Já lá vão uns quantos meses que, antes de adormecer, à noite, na cama (depois de ter feito tudo o que se deve fazer fora e dentro do leito conjugal), me mantenho quedo a pensar no tema do texto que hei de começar a escrever na manhã seguinte. É o momento de uma de duas coisas: ou ganho uma insónia, tal é o turbilhão de ideias que me assalta ao bestunto ou, então, sai à primeira qualquer coisa a que poderei dar forma sem mais cuidado, no dia seguinte. De seguida, acomodo melhor a cabeça na almofada e entro no mundo delicado e fantástico do onírico, deixando-me ir suavemente.
Creio que todos nós já sentimos a estranha impressão da diferença de dimensões entre o que recordamos de muito criança e o que vemos já adulto: o que nos parecia imenso surge-nos como pequeno, às vezes ridiculamente minúsculo.
Pois bem, lembro, agora com imensa saudade, um “automóvel” de pedais que tive quando era menino pequeno, mas já suficientemente capaz de o locomover com a força das minhas pernas e pés. Era verde, e, como não havia ainda a indústria do plástico, de metal, com rodas de borracha.
A casa dos meus pais parecia-me, então, enorme e, como era comprida, maior era a dimensão. Ainda sem grande jeito para conduzir, recordo-me que andava aos ziguezagues batendo nos rodapés e nas paredes. Valia que a minha mãe não se importava, pois estava desejosa de mandar tirar o papel de parede com que o anterior inquilino havia decorado todas as divisões. Assim, o restauro previa pinturas e rebocos.
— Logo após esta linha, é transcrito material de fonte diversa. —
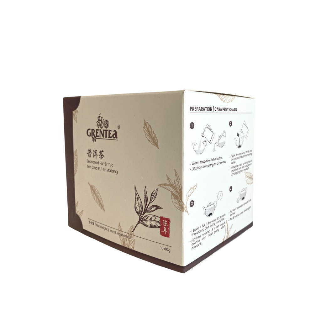 - Place one packet of Pu’ Er into the teapot and add fresh boiling water

Confesso que durante muitos anos esqueci a existência do meu velho “automóvel” e só agora me vêm à memória pequenos farrapos de recordações desse brinquedo que, não sei porquê, desapareceu lá de casa, restando, durante muitos anos, somente o volante metálico, amarelo e pesado. Depois, começou a era dos soldadinhos de chumbo e pouco mais, já que, segundo a minha mãe, o dinheiro era pouco para “essas coisas”.
Imaginativo e sonhador, “inventei” os meus próprios brinquedos e os meus “companheiros” de folguedo. Na verdade, conseguia “ver” os meus “guerreiros”, as minhas motocicletas, os aviões que pilotava e as “invasões” dos “países” inimigos. Não há dúvida, fui um perfeito fruto da 2.ª Guerra Mundial e, quando ela acabou, cultivei todo o saber possível sobre os acontecimentos graças à pequena, mas muito seleccionada, biblioteca do meu pai, naturalmente pró-aliada, como seria de esperar numa ditadura simpatizante do fascismo italiano e do nazismo alemão. Mas, o que li serviu-me para, muito mais tarde, poder fazer as interpretações correctas
O meu carro de pedais deve ter acabado na loja do ferro-velho do fim da nossa rua onde o meu pai pagava para ele ir buscar a casa aquilo de que se queria desfazer.